Remove the duplicates in-place such that each unique element appears only once

Good morning! Here's your coding interview problem for today.

This problem was asked by Tencent.

Given an integer array nums sorted in non-decreasing order, remove the duplicates in-place such that each unique element appears only once. The relative order of the elements should be kept the same. Then return the number of unique elements in nums.

Example

function removeDuplicates(nums){

}

console.log(removeDuplicates([1, 2, 3, 1, 3])) 
// [1, 2, 3]

Solution

function removeDuplicates(nums) {
  const set = new Set();

  for (let i = 0; i < nums.length; i++) {
    set.add(nums[i]);
  }

  let k = 0;
  for (const num of set) {
    nums[k++] = num;
  }
  nums.length = k;
  return k;
}

Explanation

• Use a Set to collect only unique elements from the unsorted array.
• Loop over the original array and add each element to the Set.
• Set will only contain unique elements, discarding duplicates.
• Loop over Set to rebuild array with only uniques in original order.
• set size of array to k
• Return k which is the new length after removing duplicates.

Comments

[Tracy Gilmore]

Hi Chandra,

Using the Set data type is an excellent way to remove duplicates and can be created directly from an array as follows.
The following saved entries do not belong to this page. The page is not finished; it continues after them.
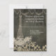 Chalkboard preto parece com creme macio que trabalho de arte floral. Cartão de retorno de resposta RSVP correspondente. Embora este trabalho de arte pareça vintage, ele foi pintado recentemente em pastéis por Audrey Jeanne Roberts em uma antiga paleta de cores parisiense e um conjunto de convites para casamento. Inspirada pela virada do papel de parede do século num pano floral com bordas de rolagem, a torre Eiffel ao fundo e um elegante candelabro. Linda letra de mão preenche o fundo junto com uma mão escrita "Paris". Há um conjunto completo de convites para casamento disponível para combinar. Direitos autorais.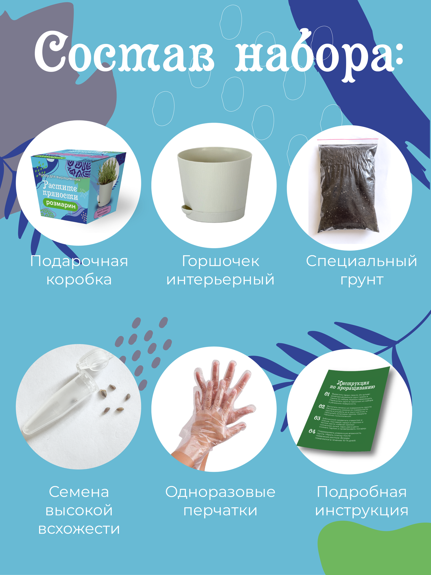 | Комплектация | Подарочная коробка, грунт для растений, интерьерный горшочек, семена, пара одноразовых перчаток, подробная инструкция по выращиванию растений. |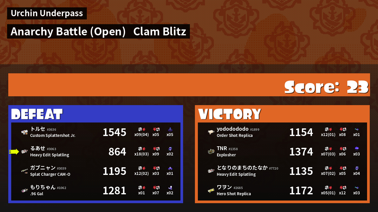 | Mode | Clam Blitz - Anarchy Battle (Open) |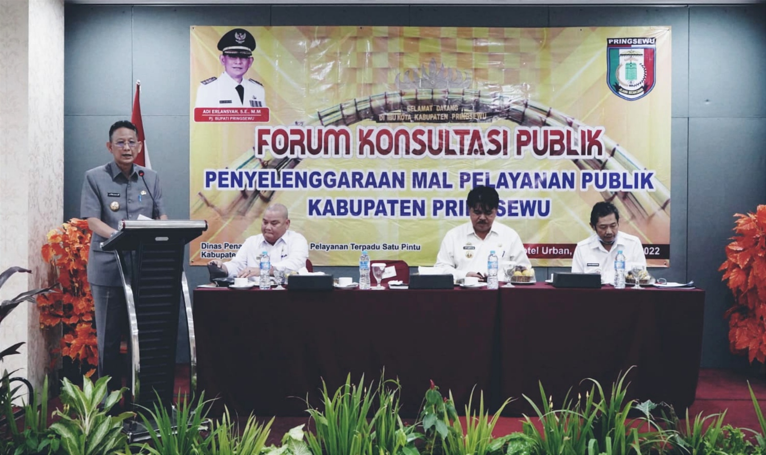 Sementara Pemkab Pringsewu menggelar forum konsultasi publik dalam rangka pembentukan dan penyelenggaraan mal pelayanan publik (MPP) di Hotel Urban Pringsewu, Rabu 9 November 2022. Kegiatan dibuka Pj. Bupati Pringsewu Adi Erlansyah.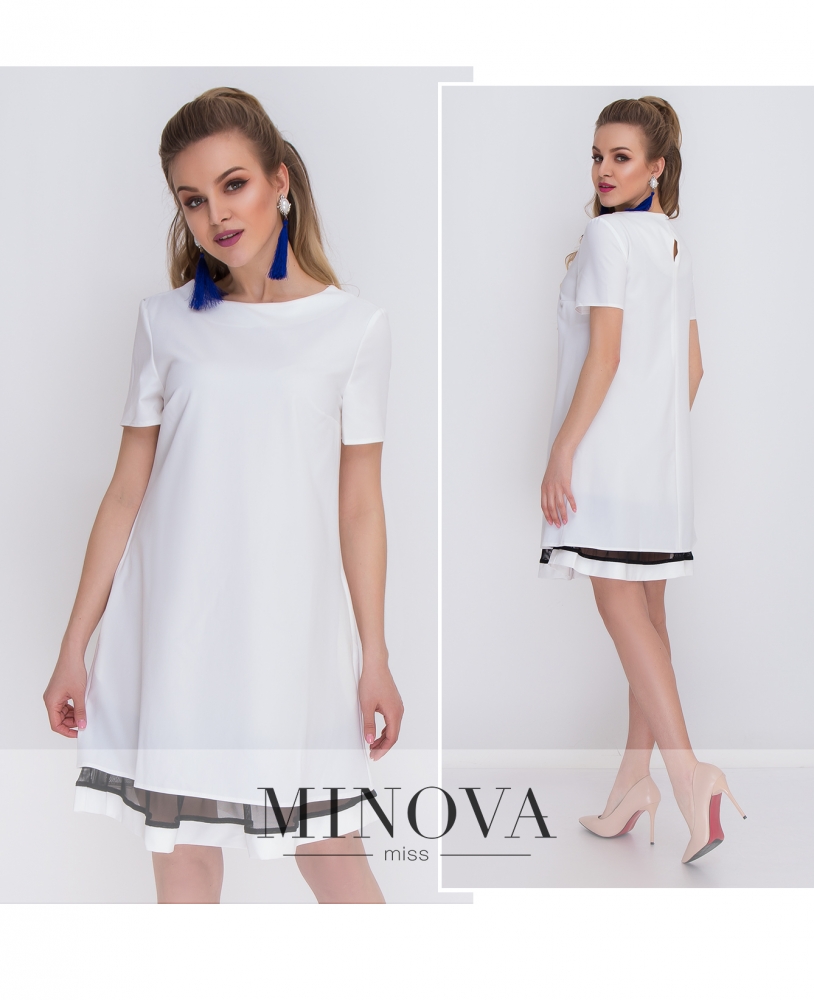 Платье А-силуэта с короткими рукавами и сетчатым подолом. Подкладка изготовлена из сетки и прошита кантом внизу. На спинке горловина застегивается на пуговицу.

const set = new Set(nums);

The set can them be turned back into a simple array using its keys method, as follows.

return [...set.keys()];

This can greatly simplify the example above but does not explain the how it works anywhere near as well.
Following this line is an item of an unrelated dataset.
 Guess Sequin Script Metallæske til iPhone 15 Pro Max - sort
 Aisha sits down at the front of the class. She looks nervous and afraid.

Another, more complicated, approach is to use the Array.reduce method, as follows.

const deduped = nums.reduce((dd, n) => dd.includes(n) ? dd : [...dd, n], []);

return deduped;

I accept neither of the above approaches are 'in-place' but this can be resolved using the following script.
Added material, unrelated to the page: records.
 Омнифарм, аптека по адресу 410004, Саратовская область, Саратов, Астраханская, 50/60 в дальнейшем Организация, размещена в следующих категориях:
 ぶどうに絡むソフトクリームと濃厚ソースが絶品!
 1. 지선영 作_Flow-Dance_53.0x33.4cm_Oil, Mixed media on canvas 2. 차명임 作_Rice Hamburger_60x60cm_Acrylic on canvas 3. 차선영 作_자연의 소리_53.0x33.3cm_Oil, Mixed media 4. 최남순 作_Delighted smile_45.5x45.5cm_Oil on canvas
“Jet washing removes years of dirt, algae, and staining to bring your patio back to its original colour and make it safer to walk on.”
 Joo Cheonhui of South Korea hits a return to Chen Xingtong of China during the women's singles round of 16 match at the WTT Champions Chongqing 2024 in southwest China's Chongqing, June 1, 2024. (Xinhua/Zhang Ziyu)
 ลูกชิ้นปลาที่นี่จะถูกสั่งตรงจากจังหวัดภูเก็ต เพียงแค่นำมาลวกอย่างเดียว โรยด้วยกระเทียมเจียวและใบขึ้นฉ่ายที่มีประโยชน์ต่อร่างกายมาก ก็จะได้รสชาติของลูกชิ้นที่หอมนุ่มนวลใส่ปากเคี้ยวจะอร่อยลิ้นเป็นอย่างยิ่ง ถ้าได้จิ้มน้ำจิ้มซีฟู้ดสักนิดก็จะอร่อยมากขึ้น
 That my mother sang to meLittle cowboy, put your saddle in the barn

nums.splice(0, nums.length, ...deduped);

// or

nums.length = 0;
nums.push(...deduped);

Best regards, Tracy

[Tracy Gilmore]

Chandra,

Your example needs to return nums not k otherwise the output would be the number 3 and not the original array.

Your post certainly had me thinking, so here is an in-place alternative.

function removeDuplicates(nums) {
    let k = 0;
    for (let i = 0; i < nums.length; i++) {
        if (!nums.slice(0, k).includes(nums[i])) {
            nums[k++] = nums[i];
        }
    }
    nums.length = k;
    return nums;
}

Tracy